The focus is clearly on the 2 day summit beginning tomorrow in Europe, and European Union leaders are now clearly divided ahead of the meeting on how to stem the bloc’s spreading debt crisis. ?

The euro is continuing to lose ground against all the major currencies including the US dollar and this is providing a significant boost to the German economy with manufacturing companies and exporters doing near record levels of business. We believe the strong German economy is deceiving the German population into thinking that the Eurozone debt crisis has bypassed them.

If the Euro falls below 1.20, other central banks could be prompted to also competitively devalue their exchange rates. Quantitative easing would be the most effective way of achieving this. 
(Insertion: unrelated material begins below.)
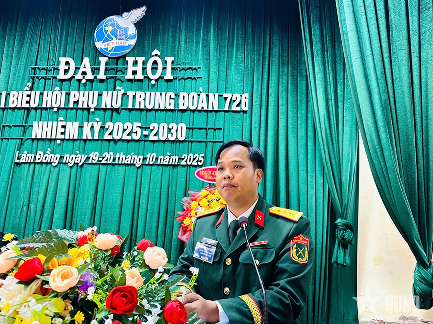 Phát biểu chỉ đạo đại hội, Thượng tá Đỗ Văn Tráng, Bí thư Đảng ủy, Chính ủy Trung đoàn 726 yêu cầu nhiệm kỳ 2025-2030, Hội Phụ nữ Trung đoàn 726 cần tiếp tục thực hiện tốt phong trào thi đua “Phụ nữ Quân đội trí tuệ - bản lĩnh, hoàn thành tốt nhiệm vụ, xây dựng gia đình hạnh phúc, xứng danh Bộ đội Cụ Hồ” thời kỳ mới, xây dựng người phụ nữ Quân đội “Trí tuệ, bản lĩnh, kỷ cương, nhân ái”.

Of course this is a false sense of security and in the event that the Italian and Spanish economies unravel further, recession will begin to bite the German economy as well. But by then it will be too late for Germany to try and turn the ship around. Angela Merkel’s continued intransigence is disturbing to say the least.

With the euro under downward pressure and likely to test the key 1.20 level in the near term,  We think the other central banks in the US, Japan, China and Australia will also be tempted to ease their exchange rates. The central banks (with the exception of Australia) will be increasingly of the view that further quantitative easing is justified now that inflation is all but subdued.
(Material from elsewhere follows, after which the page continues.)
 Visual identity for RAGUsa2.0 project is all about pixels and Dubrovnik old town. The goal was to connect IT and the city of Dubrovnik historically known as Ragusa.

Gold is holding in above $1570, and whilst it is too early to say if the correction that began back in 2011 is over, we can expect a significant breakout of the converging triangle range in due course. The summit or any central bank action over the next few weeks could well prove to be the catalyst. 

  

The overall longer term bull market remains intact and we continue to expect new highs within 12 to 18 months and possibly before the end of the year. 

 In the event this week’s summit does no deliver at least a high-level agreement on greater fiscal and financial integration across the euro area, we can expect more volatility across the markets. The totally perplexing fact is that the Dow/S&P500 have held up so well whilst the VIX remains under 20. This is totally incongruent with the wider prevailing pessimism.

Perhaps the bark is going to be worse than the bite?